3 [α3β2, α7, AChBP, AChBP]
4 NaN
...
216 [α7, α3β2, α7]
217 [α1β1δε, α1β1γδ, α2β4, α4β2, α4β4, α7, α9α10]
218 [Nav1.1, Nav1.2, Nav1.3, Nav1.4, Nav1.5, Nav1....
219 NaN
220 NaN
Name: Target, Length: 221, dtype: object
I would like to repeat each row on this dataframe based on the size of the list in the corresponding position while picking only the corresponding element of the list for each repeated row. Here is the unnesting function defined in my Utilities module:
def unnesting(some_df: pd.DataFrame, non_explode: List) -> pd.DataFrame:
"""This function unnests (explodes) multiple columns in a pandas DataFrame"""
for col_name in non_explode:
if some_df[col_name].dtype == 'object':
some_df[col_name] = some_df[col_name].astype(str).str.pad(width=100)
return some_df.set_index(non_explode).apply(
pd.Series.explode).reset_index()
Assuming that I am choosing all columns not containing list items as non_explode
variable in the function, I am receiving the following error message:
Traceback (most recent call last):
File "c:/Users/username/Desktop/Project/script.py", line 214, in <module>
main()
File "c:/Users/username/Desktop/Project/script.py", line 184, in main
exploded_train = unnesting(train_data, NONACTIVITY_COLUMNS)

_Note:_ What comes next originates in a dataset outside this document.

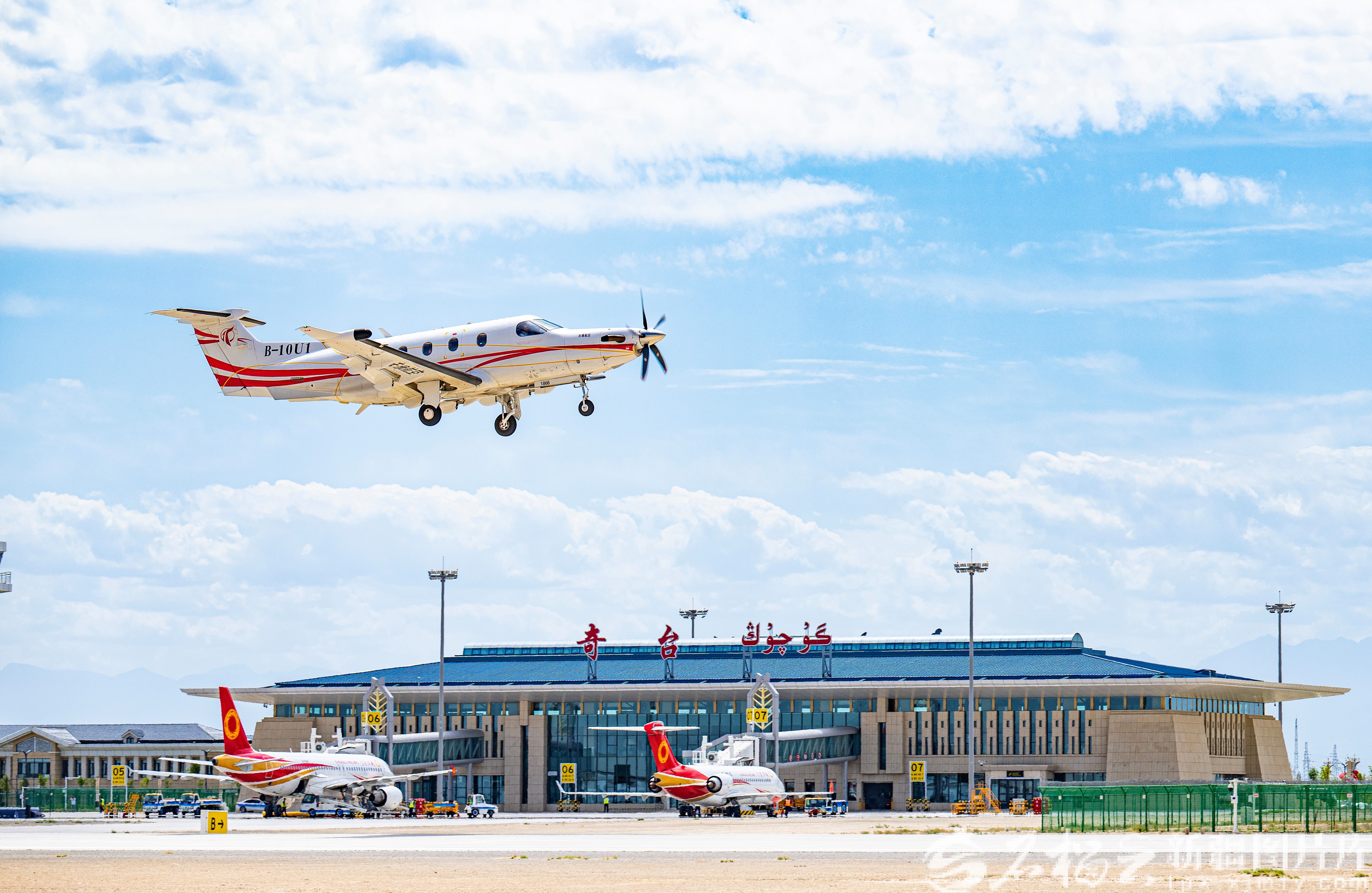 8月8日,奇台江布拉克机场,飞往新疆和田的航班正在起飞。何龙摄

File "c:\Users\username\Desktop\Project\Utilities.py", line 431, in unnesting
return some_df.set_index(non_explode).apply(
File "C:\ProgramData\Anaconda3\lib\site-packages\pandas\core\frame.py", line 8740, in apply
return op.apply()
File "C:\ProgramData\Anaconda3\lib\site-packages\pandas\core\apply.py", line 688, in apply
return self.apply_standard()
File "C:\ProgramData\Anaconda3\lib\site-packages\pandas\core\apply.py", line 815, in apply_standard
return self.wrap_results(results, res_index)
File "C:\ProgramData\Anaconda3\lib\site-packages\pandas\core\apply.py", line 841, in wrap_results
return self.wrap_results_for_axis(results, res_index)
File "C:\ProgramData\Anaconda3\lib\site-packages\pandas\core\apply.py", line 909, in wrap_results_for_axis
result = self.obj._constructor(data=results)
File "C:\ProgramData\Anaconda3\lib\site-packages\pandas\core\frame.py", line 614, in __init__
mgr = dict_to_mgr(data, index, columns, dtype=dtype, copy=copy, typ=manager)
File "C:\ProgramData\Anaconda3\lib\site-packages\pandas\core\internals\construction.py", line 464, in dict_to_mgr
return arrays_to_mgr(
File "C:\ProgramData\Anaconda3\lib\site-packages\pandas\core\internals\construction.py", line 124, in arrays_to_mgr
arrays = _homogenize(arrays, index, dtype)
File "C:\ProgramData\Anaconda3\lib\site-packages\pandas\core\internals\construction.py", line 571, in _homogenize
val = val.reindex(index, copy=False)
File "C:\ProgramData\Anaconda3\lib\site-packages\pandas\core\series.py", line 4580, in reindex
return super().reindex(index=index, **kwargs)
File "C:\ProgramData\Anaconda3\lib\site-packages\pandas\core\generic.py", line 4818, in reindex
return self._reindex_axes(
File "C:\ProgramData\Anaconda3\lib\site-packages\pandas\core\generic.py", line 4834, in _reindex_axes
new_index, indexer = ax.reindex(
File "C:\ProgramData\Anaconda3\lib\site-packages\pandas\core\indexes\multi.py", line 2524, in reindex
raise ValueError("cannot handle a non-unique multi-index!")
ValueError: cannot handle a non-unique multi-index!